The principle of relevant costing is primarily applicable where decisions have to be made. The inclusion of irrelevant information during the process, could lead to the incorrect decision being made. A relevant cost/income is any cost/income that will NOT be incurred if one decision is made instead of another. This can be illustrated by the following example of a person having to decide between renting or buying a townhouse. The following information relates to the alternatives under consideration:

  Renting Buying
Area of townhouse 125m2 202m2
Rent/Bond per month R7 100 R9 800
Water and Electricity per month R1 000 R1 500
Rates and Taxes R0 R400
Levies R0 R1 100
Cable subscription R1 000 R1 000
Cleaning per month R750 R750
Original building cost R700 000 R1 000 000

The person in the example knows that he will receive a salary increase of R5 000 for the 2018 financial year. He now has to determine whether this increase will ensure that he can afford to buy the larger townhouse. In this decision-making process, the above mentioned costs can be divided between relevant and irrelevant as follows:

  Renting Buying Relevant/Irrelevant
Area of townhouse 125m2 202m2 ?
Rent/Bond per month R7 100 R9 800 R2 700 Relevant
Water and Electricity per month R1 000 R1 500 R500 Relevant
Rates and Taxes R0 R400 R400 Relevant
Levies R0 R1 100 R1 100 Relevant
Cable subscription R1 000 R1 000 Irrelevant
Cleaning per month R750 R750 Irrelevant
Original building cost R700 000 R1 000 000 Irrelevant

 

The irrelevant cash flows with regards to this decision are the cable subscription, cleaning cost and the original building cost. The cable subscription and cleaning costs are irrelevant since they will remain the same amount regardless of whether the decision is to rent or to buy. This means that there will be no additional costs that have to be covered by the R5 000 salary increase and we therefore do not take these cash flows into consideration. The original cost to build both buildings is irrelevant since regardless of the decision, those amounts have been incurred and cannot be changed. Cost incurred in the past which does not have an impact on a decision is also known as sunk cost.
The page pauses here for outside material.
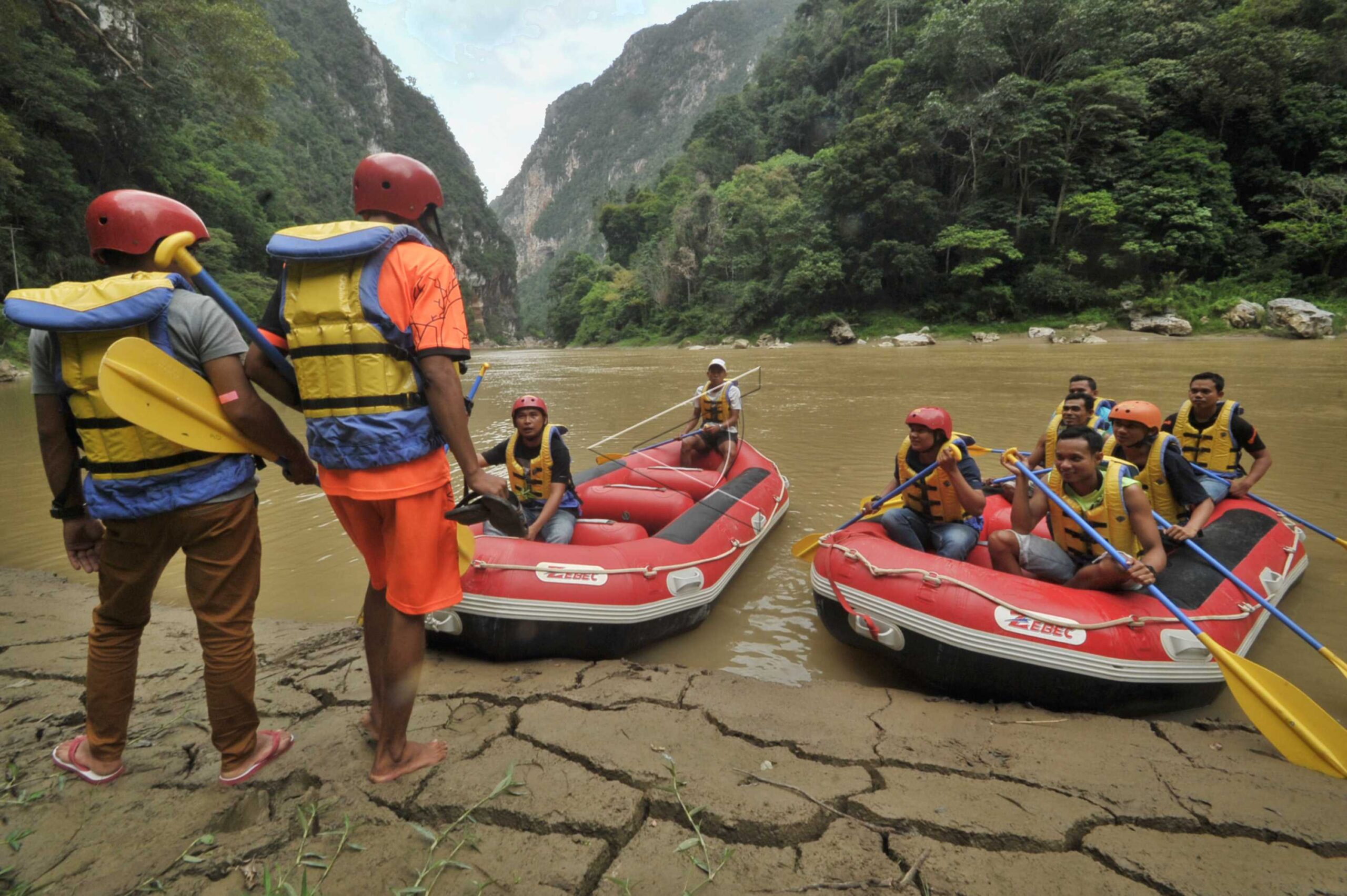 Tourists board rubber boats before a rafting tour at Batang Kuantan River in Nagari Silokek, Sijunjung, West Sumatra, February 18, 2017. ANTARA FOTO/Iggoy el Fitra/dw/tom

This means that for the decision that has to be made, an amount of R4 700 (R2 700 + R400 + R1 100 + R500) is relevant. This amount is less than the expected salary increase of R5 000 and accordingly this person will be able to afford buying the larger house purely covering additional cash flows from his increase.

If the cleaning and DSTV costs were also taken into account, the total amount under consideration would be R6 450 (R4 700 + R1 000 + R750) which is more than the R5 000 increase and would mean that the person would stick to renting and not buying, which would be the incorrect decision.
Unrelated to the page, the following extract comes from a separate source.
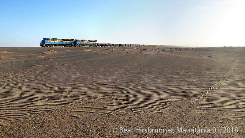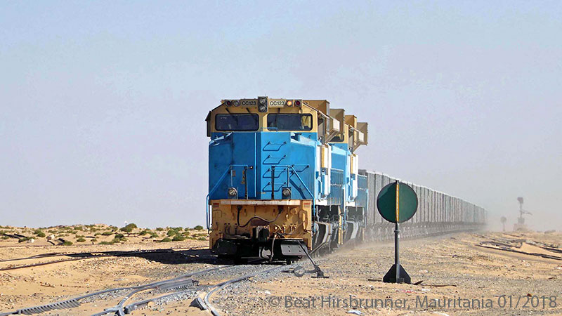 1963년부터 Mauritania의 길이 2.5 km의 기차는 사하라 사막을 가로질러 704km거리를 철광석과 승객을 운송했다.

The only line item that has not been taken into account at this point is the area of both buildings. The question remains whether this will affect our decision or not. Factors that do not have a monetary value attached to it in a decision-making scenario are called qualitative factors. Qualitative factors that might have an impact on a decision must also be taken into account in the process. The area of the buildings is an example of a qualitative factor and will have an impact on the decision in the example since a person that is in dire need of additional space, will still consider buying a more spacious building as opposed to renting a smaller building, even if the relevant cash outflows exceeded the additional income of R5 000 per month.

The above example is a question that a lot of people have been faced with and, without them even realising it, made their decision by applying relevant costing principles. This shows that the concept of relevant costing is not as daunting as the eight letter word leads us to believe.

Now that relevant costing has been simplified, the principle can be applied in all areas of business. The decisions might be more complex like deciding to manufacture goods in-house or rather purchasing it from an outside supplier or the need to rent additional factory or storage space or even decisions such as whether to hire an additional manager or not. Whatever business decision lies ahead, applying the principle discussed above of only taking relevant costs/income and qualitative factors into account will ensure the best possible outcome.